Не слишком лестные слова для главы Хоумов Ист-Лотиана. Но Алекс проглотил даже их. Жутко было видеть свою страсть отраженной на лице другого человека. Он еще не любил, я хорошо знал это чувство, но уже вожделел. Сказал сухо:
– Я не стану чинить вам обиды, леди Агнесс. Для обиды не нужно брачного союза.
– Покамест я вообще не знаю, зачем вам брачный союз. Возможно, вы мне об этом расскажете.
И он говорил, говорил, говорил. Я не разбирал слов.
Что за напасть – снова смотреть, как она выходит замуж. Однажды я видел это, мне не понравилось. Лучше ли быть для нее братом, чем быть никем? И не лучше ли не жить вовсе, чем быть для нее никем? Судьба отдалила ее от меня, и я тоже приложил к этому руку. Я сам принял обеты, когда был жив мой брат. Мог ли я знать тогда, как ужасно ошибаюсь? Да и спасло ли бы меня мирское, будь я свободен теперь, если не спасало церковное? Ни один обет не удержит Хепберна, стремящегося ко своей цели. И в этом наше родовое проклятье, и мое – в том числе.
Я не знаю, для кого разглагольствовал Александр Хоум, но явно не для невесты. Уитсом слушал лорда-казначея и хранителя Восточной марки с большим вниманием, и было отчего – они сговаривались на второй брак. Мастер Хейлс получит Николь Хоум, часть денег, с таким трудом выпущенных из рук моей матерью, вернутся в семью с приданым новой невестки. И дай Бог, чтоб новой невестке в этой семье пришлось слаще, чем прежней! Агнесс била дрожь. Она решилась, цена озвучена, но не так-то просто продать себя заново. Я попытался отступить снова, не в силах смотреть на нее, но даже не увидела – ощутила легкое мое движение прочь.
Прошептала еле слышно:
– Пожалуйста, останьтесь со мной, Джон, пожалуйста…
Ухватила мою руку, сжала. Зачем, зачем она прикасается ко мне? Каждое прикосновение ведь выжжено на мне тавром, тем более болезненным, чем больше минует времени. Я помню их все. И то пожатие помню – как если бы тонула в Тайне, ухватилась за осыпающийся край берега.
– Я здесь, сестра.
То есть, мне самому следовало отдать ее другому. Господь ты Бог милосердный…
Не помню, как вынес все обсуждения брачного контракта, все подробности, подавая при том советы разумно и взвешенно. Привычка – вторая натура, а в моем случае – и первая также. За двери холла она вышла спокойной поступью, как надлежало леди высокого рода, но за дверьми… ноги ее подкосились, притулилась к стене, поползла вниз… буквально одним мгновеньем мелькнуло в ее лице такое горе!
Да, Адам больше не вернется, второго такого не будет, но она же сама признала, что новый брак сулит ей освобождение от роли приживалки при моей матери? И Алекс не против ее визитов к сыну. Откуда же столь острая боль? И только много лет спустя понял: ей, как мне, столь же невыносимо было не распоряжаться собой, самой себя продавать в Египет, но ей, женщине, оставлено было еще меньше права желать, иметь, чувствовать, мочь.
– Он… добрый человек, – проскрежетал я. – Лорд Алекс не обидит вас, Агнесс.
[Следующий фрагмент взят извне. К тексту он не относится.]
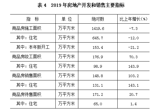 年末全区商品房施工面积1419.6万平方米,比上年末下降7.3%。其中,本年新开工面积153.4万平方米,下降21.2%。全年商品房竣工面积176.9万平方米,增长70.3%。

Хвалить хоть какими словами мужчину, который возьмет ее вместо меня – нелегкая задача. А если обидит, то жить будет очень недолго, да и несчастливо. Уж я позабочусь.
Мгновение – и закусила губу, едва лишь после одного короткого всхлипа. Почему я не поцеловал ее тогда? Уже принадлежавшую другому? Потому ли, что доверилась? Какое мне было дело до того, что она почувствует и подумает обо мне⁈
А между тем, то был мой единственный шанс. Отстранила мою руку, не простясь, не обернувшись, ушла обратно за дверь, глотнув майского ветра.
Выйдя на двор, сев в седло, по холоду на лице я понял, что плачу – первый раз после смерти Адама. Раз за разом отрекаясь от мирского, становился ли я более человечен или, напротив, все больше приближался к камню?
Господи, дай мне сил отказаться от этого желания, Богородице Дево, научи ничего не чувствовать, когда тело любви твоей, тело Сына мертвое снимают с креста.
Они обвенчались в Престонкирк, а после мы сопроводили их в Хоум. Она вышла замуж в багровом, в котором была на отпевании Адама, а после венчания велела сжечь этот наряд.
81
Шотландия, Лиддесдейл, Хермитейдж, май 1514
Снова свист куликов и ржанок. Я вернулся в Долину полностью опустошенным, оно и немудрено. На второе утро после приезда Франц уже пригрозил и впрямь будить меня холодной водой, неважно, для проповеди или же для молитвы одним лишь словом, без клинка. Но мне не было дела до недовольства Франца. С неделю я не приходил в себя от тоски. Пить мне не нравилось. В Хермитейдже я обнаружил в себе дарование пить, как пьют все Хепберны – без затемнения рассудка, расчетливо, не падая с ног – но как времяпровождение пьянство так и не полюбил. Другое дело брат мой Патрик. Того даже новость о предполагаемой женитьбе не заставила оторваться от кружки с крепким элем:
– Ты, что ли, не рад? – спросил я с отвращением.
– А чему там бурно радоваться? Я Николь уже и в лицо помню плохо. Нет, конечно, если с той поры оспы с ней не случалось, с фасада она ничего. И с заднего тоже. Так-то я не против, но не прежде Михайлова дня.
– Это почему еще? Я полагал, ты поторопишься. Снятие опеки, опять же – пилтауэр в Болтоне…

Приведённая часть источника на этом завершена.